I worked on lots of development tasks throughout the time I was at a pair of Data Centres. I also looked after safely deploying code releases to backend/frontend systems.
From memory, these are some tasks I completed:
- Reworked the block storage integration with OpenStack/Ceph, so the more reliable RBD driver is used instead of iSCSI, which previously caused CPU lockups. I subsequently updated the filesystem formatter to use the new block storage system.
- Fixed inaccessible, external, block storage volumes above ~1TB. This was an unsigned 32-bit integer bug in Xen, which only surfaced when accessing LBA sectors in a specific storage mode.
- Diagnosed and improved block storage performance by 5x by adjusting kernel parameters on guests to take advantage of the Xen ring 0 buffer.
- Used ‘fwmark’ing to mark packets in the Linux kernel on firewalls, allowing customers to bypass throttling for backups.
- Fixed server image creation when the disk partitions were non-standard formats or layouts.
- Parallelised and sped up setting up new servers by 50%, by preventing unnecessary reboots, synchronisation pauses, etc.
- Worked with another colleague to get the Windows OOBE (Out-Of-Box-Experience) working correctly with new infrastructure.
- Got multiple guest snapshots working in parallel, and helped out with getting more than one working on the same host, meaning guest servers can be transparently moved to another host even whilst customers are taking snapshots.
- Provided the ability to automatically install/reinstall software RAID monitoring so customers can get SMS/e-mail alerts on failures.

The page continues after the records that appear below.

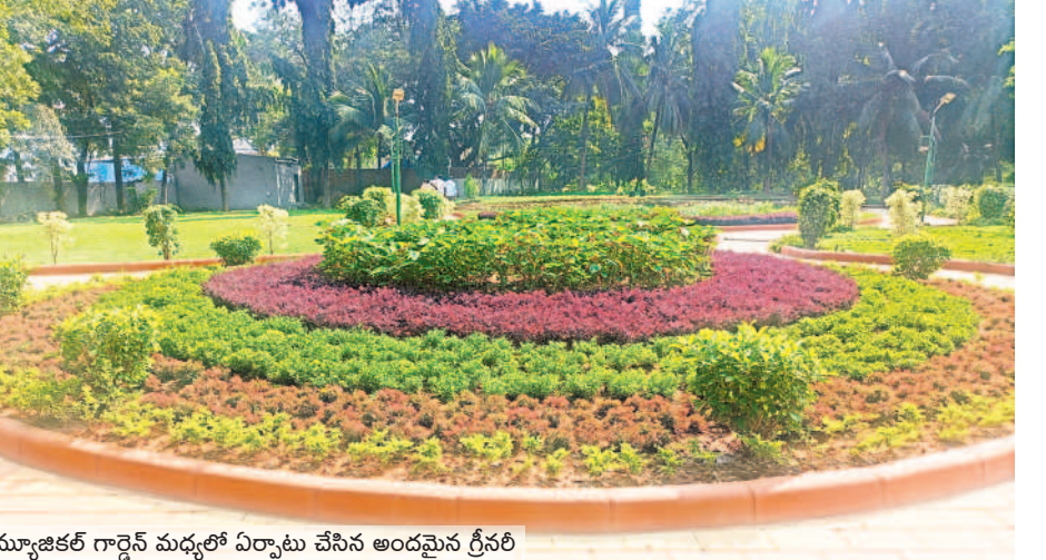
మ్యూజికల్ గార్డెన్ మధ్యలో ఏర్పాటు చేసిన అందమైన గ్రీనరీ

తుది దశకు అభివృద్ధి పనులు కాకతీయ మ్యూజికల్ గార్డెన్ అభివృద్ధి పనులు చివరి దశకు చేరుకున్నాయి. మ్యూజికల్ గార్డెన్ లో ముందుభాగంలో గ్రీనరీ పనులు దాదాపుగా పూర్తిచేశారు. చిన్నారుల కోసం ఆట వస్తువులను ఏర్పాటుచేశారు. పుటేపాతలను ట్రైల్ తో అందంగా తీర్చిదిద్దారు. మ్యూజికల్ గార్డెన్ లోని రెండు ట్రిడ్డిలకు అందగా ముస్తాయి చేశారు. గతంలో ట్రిడ్డిలకు పైకప్పు ఉండేది కాదు. పునరుద్ధరణలో బాగాగా ఇప్పుడు ట్రిడ్డిలకు పైకప్పులతో పాటు గ్రాస్ బ్లెడ్స్ వేశారు. దీంతో ట్రిడ్డిలు అందంగా కనిపిస్తున్నాయి.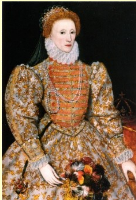
Елизабет I Тюдор (1558 - 1603)

Истинската трагедия на Ирландия започна, обаче, едва при царуването на кралица Елизабет (1558-1603); на същата тая кралица, която заповяда на своите пиратски флоти да изнудят бреговете на Западна Индия и да ограбят испанската сребърна и търговска флота. „Ирландия има хубав дървен материал и удобни пристанища, и ако испанците я завладеят, тогава те биха станали в късо време господари на моретата, върху които е основана нашата мощ”, се казва с хладнокръвна пресметливост в подготвителното обяснение на английското правителство. В този смисъл започна подновеното нахлуване, и тъй като то представляше вследствие нищожния брой войски много големи опасности, то британските водачи унищожиха на бърза ръка населението на цели местности чрез глад и меч и превърнаха цялата област, която не бяха в състояние да задържат и окупираат, в пустиня. През царуването на Елизабет 1 500 000 ирландци са станали жертва на „благочестивите” британци.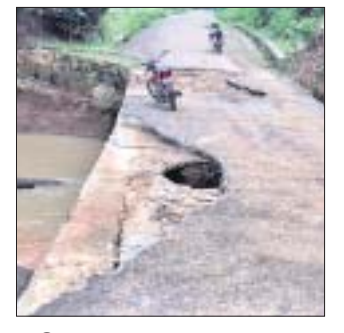
ଭାଙ୍ଗି ଯାଇଥିବା ଶଙ୍ଖ।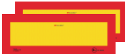
Tableaux des gabarits pour des véhicules longs ECE R 70.00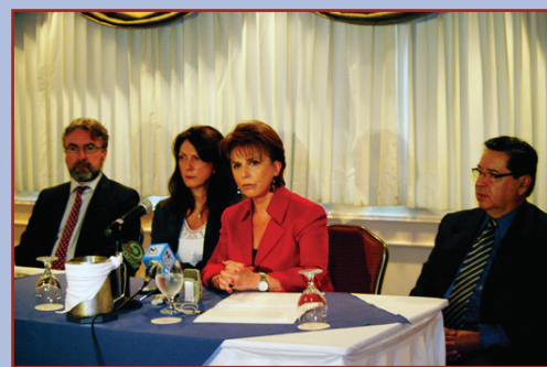
La ministra de Trabajo, Sandra Piszcz, presentó a la prensa los resultados de la Campaña de Salario Mínimo. La acompañan Jorge Abrahao, del IPEA de Brasil, Luiza Carvalho, Coordinadora Residente del Sistema de las Naciones Unidas y Rodrigo Acuña, Director Nacional de Inspección.

A partir del tamaño de las empresas - micro (1-5); pequeña (6 a 30); mediana (31 a 100) y grande (más de 100)- se ha podido determinar que el porcentaje de infraccionalidad desciende a medida que aumenta el tamaño del establecimiento (43.7%, 42.0%, 34.3% y 30.8% respectivamente).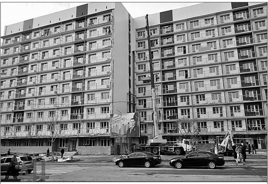
● Полным ходом идёт подготовка новых квартир для переселения семей из разрушенных украинскими войсками домов.

Подразделение базируется в помещениях Донецкого казённого завода химических изделий. В нём есть bunker, где можно укрыться во время обстрелов. А вот жилища расположенных поблизости домов уже более трёх лет приходится быть в постоянном страхе, фактически на линии фронта. «Куда их девать? Ну куда пенсионеры пойдут? Молодёжь поначалу подалась в Россию. Теперь вот возвращаются многие: не нужны они там никому, а у нас, в Донецке, рабочие руки ох как требуются», — поясняет один из ребят.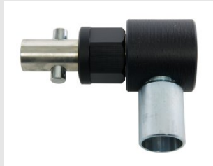
Artikel code 654900 STOFAFZUIGINGSADAPTER - SDD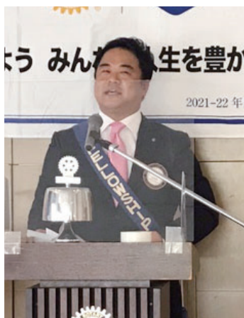
「私の履歴書」行方会員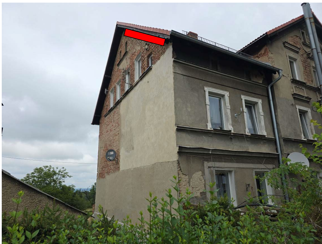
Fot. 6. Miejsce zamontowania budek.

wysokości w miarę możliwości ponad 4 m od ziemi. Budki dla jerzyków należy wywiesić na ścianie od strony podwórza tuż pod dachem. Prace termomodernizacyjne można prowadzić w okresie lęgowym pod nadzorem ornitologa w odległości nie mniejszej niż 4 m od stwierdzonych siedlisk jerzyków, oraz w sposób umożliwiający swobodny dostęp do siedlisk lęgowych ptaków.

- Upgraded all staff and automated systems to use company-branded, mixed MIME type HTML e-mails, rather than just dated-looking plain text. You could write e-mails in Markdown format, with a live preview of conversions to HTML and plain text.

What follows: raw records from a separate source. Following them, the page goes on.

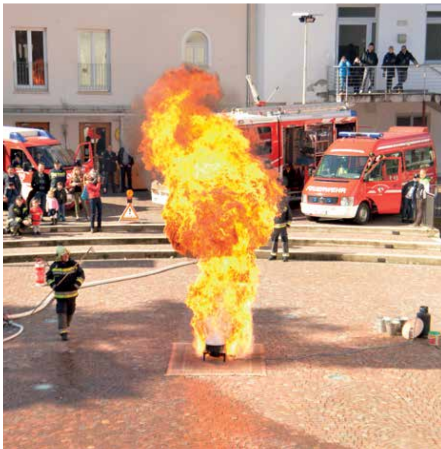
Die Freiwillige Feuerwehr probte für den Ernstfall beim letztjährigen Dorffest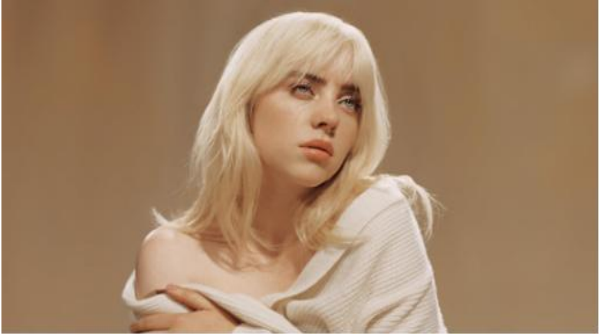
IMMAGINE VP 53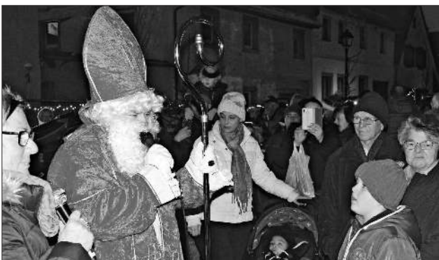
Der Nikolaus ist angekommen.

Am Sonntagnachmittag gehörte die Ziehung der Gewinner vom Weihnachtspreisrätsel des Gewerbevereins Teningen mit zu den Höhepunkten, bei dem es viele interessante Preise zu gewinnen gab. Zum Abschluss besuchte noch der Nikolaus, stilgerecht in einer Kutsche, den Weihnachtsmarkt, um die Gewinne der Weihnachtstombola zu verteilen.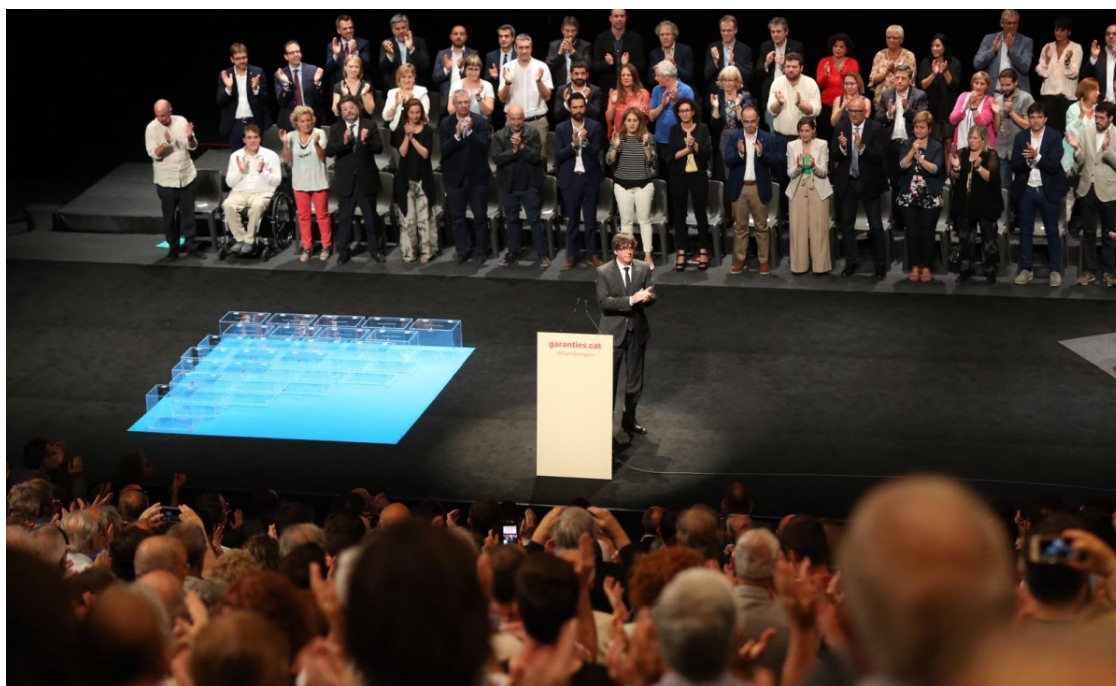
Carles Puigdemont, a l'acte sobre les garanties del referèndum

Un informe de quatre professors d'universitats europees i americanes instat pel Departament d'Exteriors afirma que el referèndum de l'1-O és "legítim" i que la llei que el regula s'adequa a l'estàndard internacional | Des de 1991 s'han fet 53 referèndum per part d'entitats subestats, la meitat d'ells sense acord amb l'estat matriu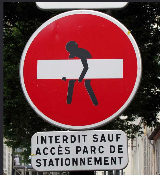
Clet Abraham , interdiction de passer , Paris, 2014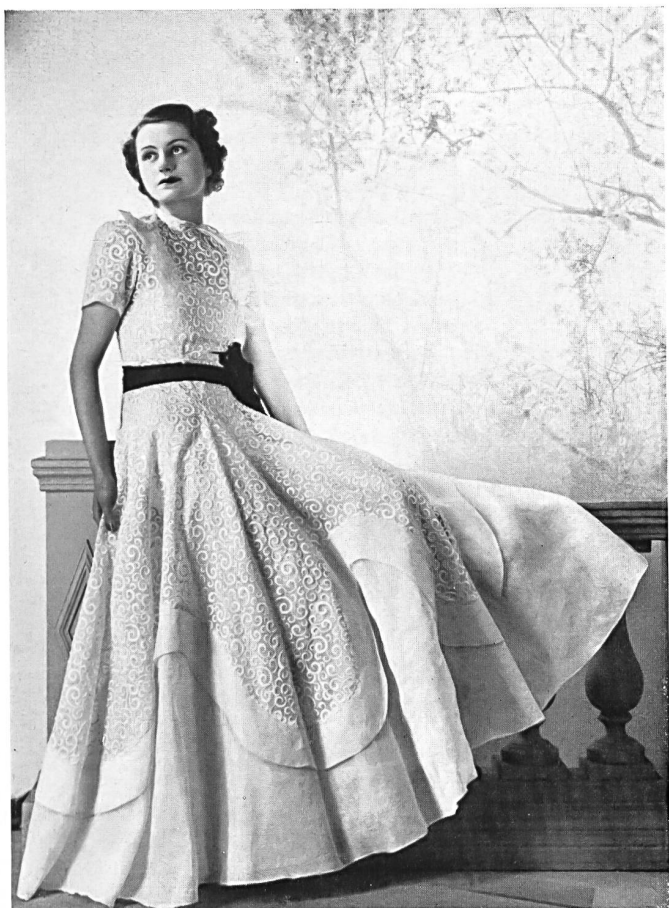
Modèle Agnès Drecoll. Photo Rigassi.

Chez Heim « Jeunes filles », on remarque une toilette qui est séduisante au possible ; elle est en linon brodé de fines lignes ondulées formant jours. L'aspect en est jeune et élégant. Cette robe d'une seule pièce est ajustée à la taille par une

- Designed automated mailing system to notify staff about routine/emergency maintenance tasks.
- Fixed the staff maintenance mode system, which allows you to put servers in maintenance mode in bulk.
- Provided a notes feature in the Django management interface, allowing you to place generic customer notes on any table/record in the database.

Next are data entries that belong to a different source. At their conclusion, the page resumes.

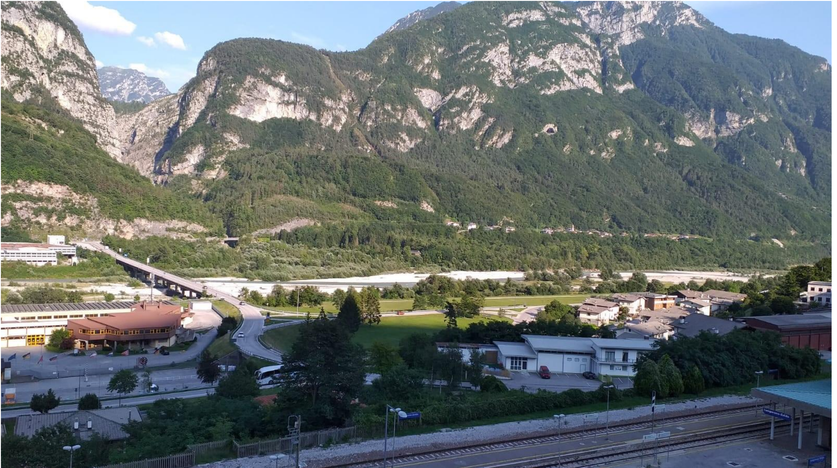
Figura 12: in corrispondenza della pk 7+850 circa - Il punto di vista è individuato dalla Chiesa di Santa Maria Immacolata di Longarone in direzione Est. La visuale è rivolta verso il Viadotto Fiera, dalla quale sono riconoscibili gli elementi del sistema insediativo, come l'abitato, la linea ferroviaria, la fiera e parte dell'area industriale di Longarone .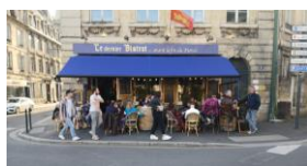
15/05, 17/07, 28/08 Dernier Bistrot Avant La Fin Du Monde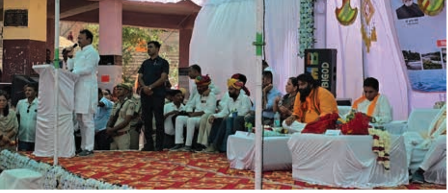
स्मार्ट हलचल। माण्डलगढ़

गंगा दशहरा के पावन अवसर पर माण्डलगढ़ स्थित त्रिवेणी संगम (बनास, बेड़च एवं मेनाली नदियों का महासंगम) पर जल संरक्षण को जनआंदोलन बनाने के उद्देश्य से 'वदे गंगा जल संरक्षण जन अभियान-2026' का भव्य आयोजन किया गया। मेवाड़ के प्रयागराज के रूप में विख्यात इस संगम पर विधि-विधान और वैदिक मंत्रोच्चार के बीच जल पूजन कर प्रदेश की सुख-समृद्धि की कामना की गई।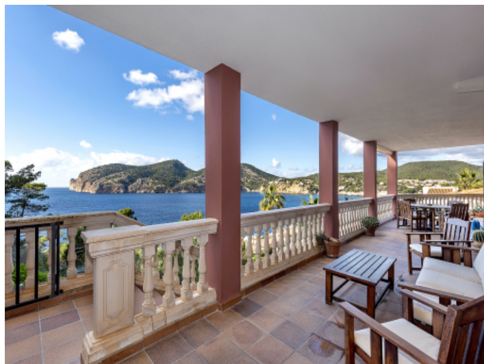
Terrasse mit Meerblick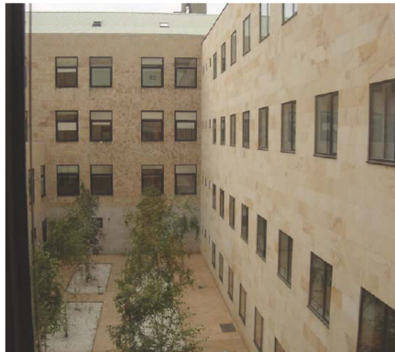
Sede de la Oficina Judicial de León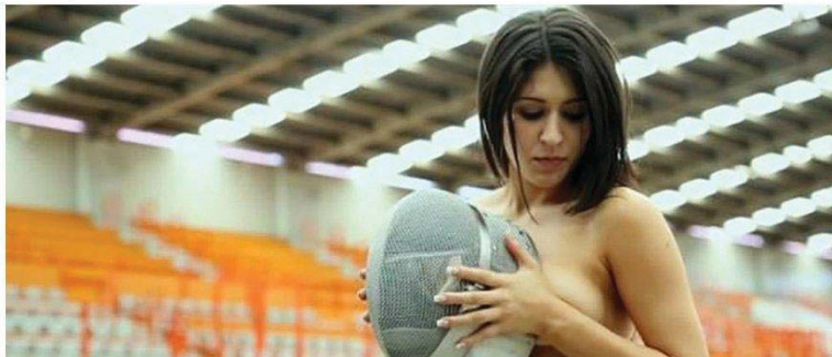
Ilustración 7: Noticia de la web TN.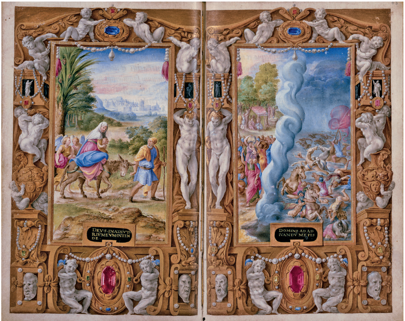
16 Giulio Clovio, Heures Farnèse, fol. 42v-43r: La fuite en Égypte et Le passage de la mer Rouge. New York, The Pierpont Morgan Library, Ms M.69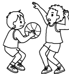
小学生が中学校の部活動体験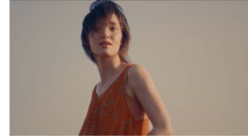
▶ クリエイターズ支援プロジェクト製作委員会 「卵と彩子」

- Added generic exporting (CSV) for many management pages, for Excel charting.
- Ported/fixed many packages so they worked on the latest versions of Ubuntu/Debian Linux.
- Wrote systemd daemoniser wrappers.
- Wrote Nginx/Apache webserver configurations for different systems.
- Fixed Selenium tests to be compatible with modern browsers and newest versions of Debian.
- Built new images for Jenkins.
- Helped upgrade the entire codebase to Django 2.x and Python 3.x
- Helped out with good practices on multi-threading/multi-processing.
- Used code introspection to automatically draw diagrams of most of the automated processes.
- Added a major feature missing in Zabbix 4.x, which the Zabbix community have been asking for over 10 years — automatically stop all the hosts alerting which are assigned to a proxy, when that proxy doesn’t report to a Zabbix server within a minute.
- Got the Zabbix agent working with customer servers in both Linux and Windows, securely communicating with the Zabbix proxies. Each server has a unique Pre-Shared Key, which can be reset if necessary. The servers can also only communicate with the proxies’ subnet.
- Created a multi-proxy balancing strategy that spreads load across the Data Centre when monitoring >4,500 hosts — also ensuring that proxies monitor other proxies/host servers, rather than their own ones.
- Improved the sync speed between the customer database and the Zabbix API from over 10 minutes to less than 2 minutes.
- Added the ability to silence alerting hosts immediately, rather than waiting for a full sync between the customer and Zabbix databases.
- Provided manual proxy configuration so servers outside the normal infrastructure can be monitored.
Note that the company was bought out shortly before I left, so a few of these may not be in production currently.